**Exercise objective:** The required output is the exact run of lines from the one bearing "Isny – Pedalos, Stelzen, Hüpfbälle" through the final line of the listing below, with the pictures removed.

**The data:**
Start of Block
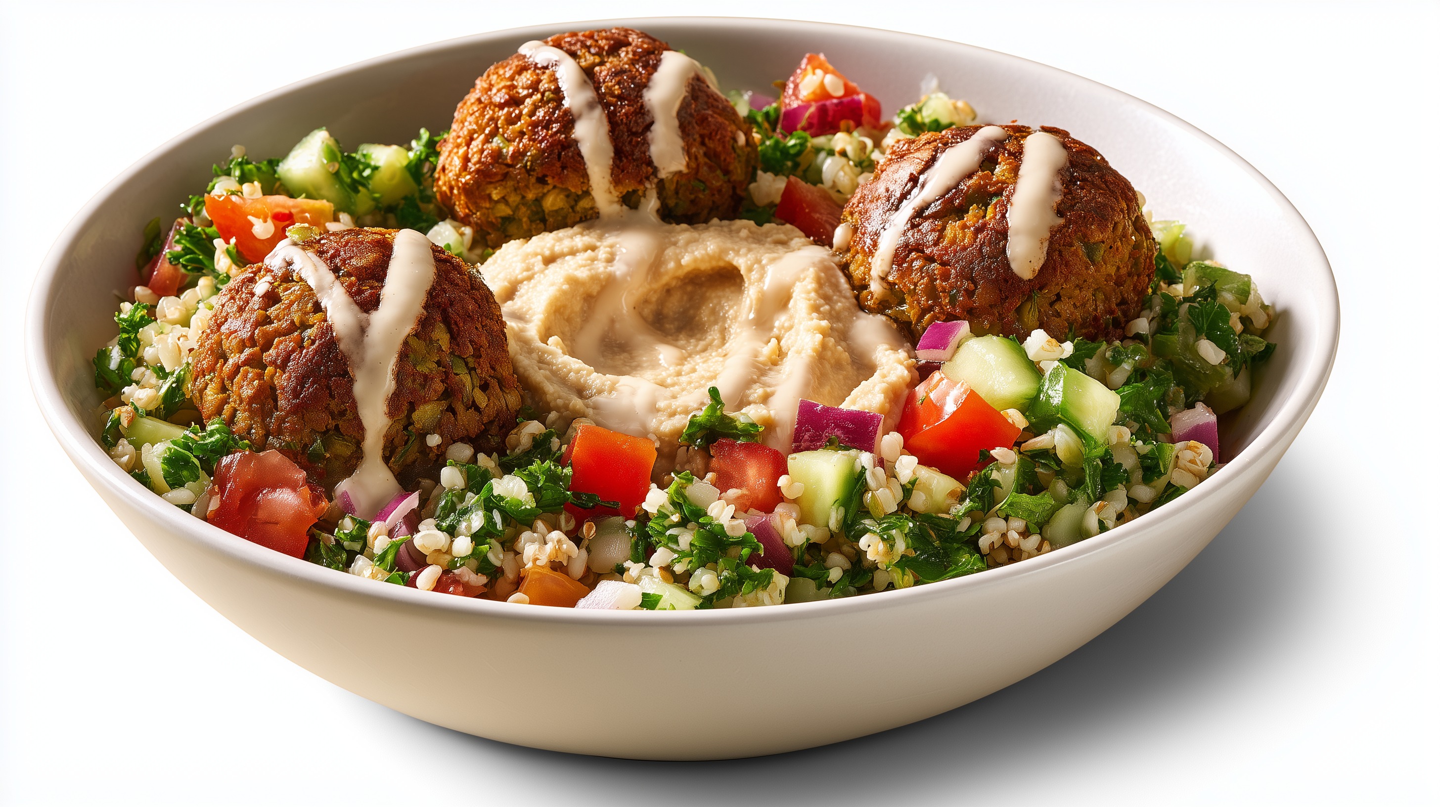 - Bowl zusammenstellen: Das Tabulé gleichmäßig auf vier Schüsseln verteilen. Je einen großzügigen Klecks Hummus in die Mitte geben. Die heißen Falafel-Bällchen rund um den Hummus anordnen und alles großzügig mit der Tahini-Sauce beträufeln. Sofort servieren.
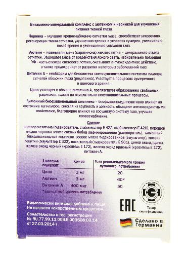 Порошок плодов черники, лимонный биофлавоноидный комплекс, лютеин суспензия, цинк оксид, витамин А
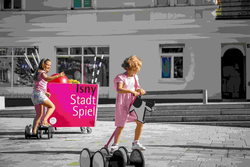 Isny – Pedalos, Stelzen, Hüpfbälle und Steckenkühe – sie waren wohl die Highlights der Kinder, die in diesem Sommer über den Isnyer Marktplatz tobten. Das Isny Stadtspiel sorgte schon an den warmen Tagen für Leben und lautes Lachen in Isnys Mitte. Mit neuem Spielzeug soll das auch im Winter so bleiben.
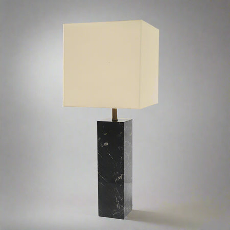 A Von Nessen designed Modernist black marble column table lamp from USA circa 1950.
End of Block
**Response below:**
 Isny – Pedalos, Stelzen, Hüpfbälle und Steckenkühe – sie waren wohl die Highlights der Kinder, die in diesem Sommer über den Isnyer Marktplatz tobten. Das Isny Stadtspiel sorgte schon an den warmen Tagen für Leben und lautes Lachen in Isnys Mitte. Mit neuem Spielzeug soll das auch im Winter so bleiben.
 A Von Nessen designed Modernist black marble column table lamp from USA circa 1950.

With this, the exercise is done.